Florence Forbes (Inria Grenoble). Approximate Bayesian Computation with Surrogate Posteriors: A key ingredient in approximate Bayesian computation (ABC) procedures is the choice of a discrepancy that describes how different the simulated and observed data are, often based on a set of summary statistics when the data cannot be compared directly. Unless discrepancies and summaries are available from experts or prior knowledge, which seldom occurs, they have to be chosen and this can affect the approximations. Their choice is an active research topic, which has mainly considered data discrepancies requiring samples of observations or distances between summary statistics, to date. In this work, we introduce a preliminary learning step in which surrogate posteriors are built from finite Gaussian mixtures using an inverse regression approach. These surrogate posteriors are then used in place of summary statistics and compared using metrics between distributions in place of data discrepancies. Two such metrics are investigated, a standard L₂ distance and an optimal transport-based distance. The whole procedure can be seen as an extension of the semi-automatic ABC framework to functional summary statistics. The resulting ABC quasi-posterior distribution is shown to converge to the true one, under standard conditions. Performance is illustrated on both synthetic and real data sets, where it is shown that our approach is particularly useful when the posterior is multimodal.

Methodology I

Louis Raynal (Harvard University). Scalable Approximate Bayesian Computation for Growing Network Models via Extrapolated and Sampled Summaries: Parameter estimation with approximate Bayesian computation (ABC) requires the ability to forward simulate datasets from a candidate model, but because the sizes of the observed and simulated datasets usually need to match, this can be computationally expensive. Additionally, since ABC inference is based on comparisons of summary statistics computed on the observed and simulated data, using computationally expensive summary statistics can lead to further losses in efficiency. ABC has recently been applied to the family of mechanistic network models, an area that has traditionally lacked tools for inference and model choice. Mechanistic models of network growth repeatedly add nodes to a network until it reaches the size of the observed network, which may be of the order of millions of nodes. With ABC, this process can quickly become computationally prohibitive due to the resource intensive nature of network simulations and evaluation of summary statistics. We propose two methodological developments to enable the use of ABC for inference in models for large growing networks. First, to save time needed for forward simulating model realizations, we propose a procedure to extrapolate summary statistics from small to large networks. Second, to reduce computation time for evaluating summary statistics, we use sample-based rather than census-based summary statistics. We show that the ABC posterior obtained through this approach, which adds two additional layers of approximation to the standard ABC, is similar to a classic ABC posterior. Although we deal with growing network models, both extrapolated summaries and sampled summaries are expected to be relevant in other ABC settings where the data are generated incrementally.

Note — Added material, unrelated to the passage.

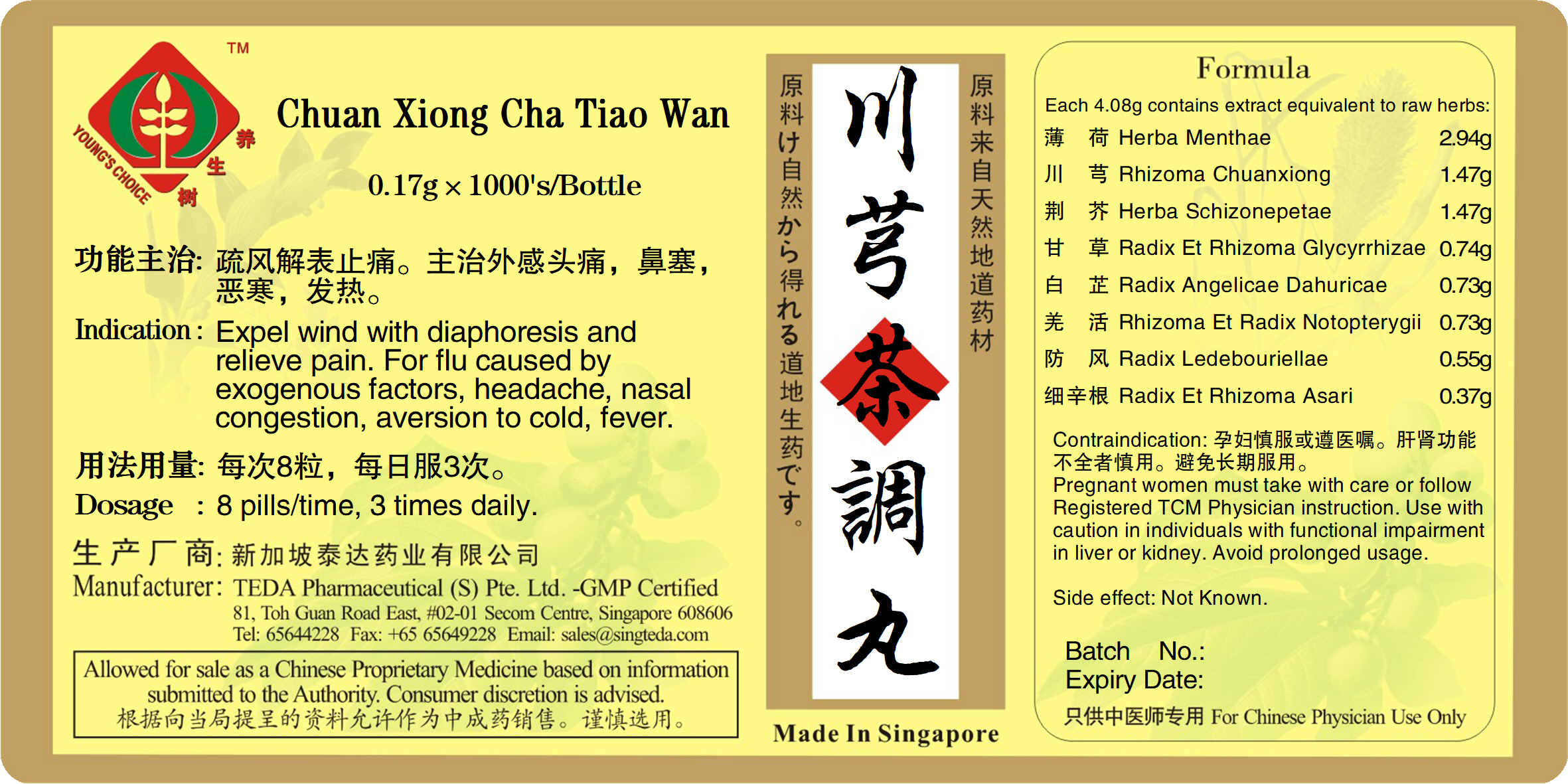 川芎茶调丸 Chuan Xiong Cha Tiao Wan (1000's) (WCX02) Category: Pills UOM: Bottle 【功能主治】 疏风解表止痛。主治外感头痛,鼻塞,恶寒,发热。 Indication: Expel wind with diaphoresis and relieve pain. For flu caused by exogenous factors, headache, nasal congestion, aversion to cold, fever. Ingredients: 薄荷 Herba Menthae 川芎 Rhizoma Chuanxiong 荆芥 Herba Schizonepetae 甘草 Radix Et Rhizoma Glycyrrhizae 白芷 Radix Angelicae Dahuricae 羌活 Rhizoma Et Radix Notopterygii 防风 Radix Ledebouriellae 细辛根 Radix Et Rhizoma Asari SGD 23.80 |

Edwin Fong (University of Oxford). Martingale Posteriors: Bayesian Uncertainty via Imputation: The prior distribution on parameters of a likelihood is the usual starting point for Bayesian uncertainty quantification. In this paper, we present a different perspective. Given a finite data sample of size n from an infinite population, we focus on the missing remainder of the population as the source of statistical uncertainty, with the parameter of interest being known precisely given the population. We argue that the foundation of Bayesian inference is to assign a predictive distribution on the missing data conditional on the sample, which then induces a distribution on the parameter of interest. Demonstrating an application of martingales, Doob shows that choosing the Bayesian predictive distribution returns the conventional posterior as the distribution of the parameter. Taking this as our cue, we relax the predictive machine, avoiding the need for the predictive to be derived solely from the usual prior to posterior to predictive density formula. We introduce the martingale posterior distribution, which returns Bayesian uncertainty directly on any statistic of interest without the need for the likelihood and prior, and this distribution can be sampled through a computational scheme we name predictive resampling. To that end, we introduce new predictive methodologies for multivariate density estimation, regression and classification that build upon recent work on bivariate copulas.

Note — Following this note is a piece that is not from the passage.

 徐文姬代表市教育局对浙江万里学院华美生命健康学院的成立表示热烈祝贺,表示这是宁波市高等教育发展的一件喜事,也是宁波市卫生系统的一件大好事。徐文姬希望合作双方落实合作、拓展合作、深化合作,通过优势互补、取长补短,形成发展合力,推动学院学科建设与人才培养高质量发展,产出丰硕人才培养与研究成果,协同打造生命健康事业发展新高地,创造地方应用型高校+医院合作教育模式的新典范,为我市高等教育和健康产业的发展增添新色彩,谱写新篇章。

Justin Alsing (Stockholm University). Bayesian decision making under intractable likelihoods: I’ll give an overview of conditional density-estimation approaches to likelihood-free inference. Then, I'll present some fun experimental ideas on using ideas from density-estimation LFI and ABC to making optimal Bayesian decisions under models with intractable likelihoods. Traditionally, Bayesian decision problems proceed in two steps: (1) perform posterior inference, (2) find the action that optimizes the expected utility under the inferred posterior predictive distribution for future outcomes. I’ll show that, similar to likelihood-free inference, Bayesian decision problems can be cast as conditional density estimation tasks which can be tackled directly, ie., by-passing the intermediate inference step completely, and without the need for tractable likelihoods. Decision problems cast this way are in many cases simpler (lower-dimensional) than the corresponding inference task, so substantial gains may be achievable by skipping the inference step.

Methodology II

Cecilia Viscardi (University of Florence). A large deviation approach to approximate Bayesian computation: We consider the problem of sample degeneracy in approximate Bayesian computation (ABC). This problem arises when proposed values of the parameters, once given as input to the generative model, rarely lead to simulations resembling the observed data and are hence discarded. Such ``poor'' parameters' proposals do not contribute to the representation of the parameters' posterior distribution. This state of affairs leads to a large number of required simulations and/or a waste of computational resources and distortions in the computed posterior distribution. To mitigate this problem, we propose two Large Deviation Approximate Bayesian Computation algorithms ( LD-ABC), where the evaluation of the probability of rare events allows avoiding the rejection step altogether. We adopt the information-theoretic “Method of Types” formulation of Large Deviations, thus restricting attention to models for i.i.d. discrete random variables and for finite-state Markov chains. Finally, we experimentally evaluate our methodology through a proof-of-concept implementation.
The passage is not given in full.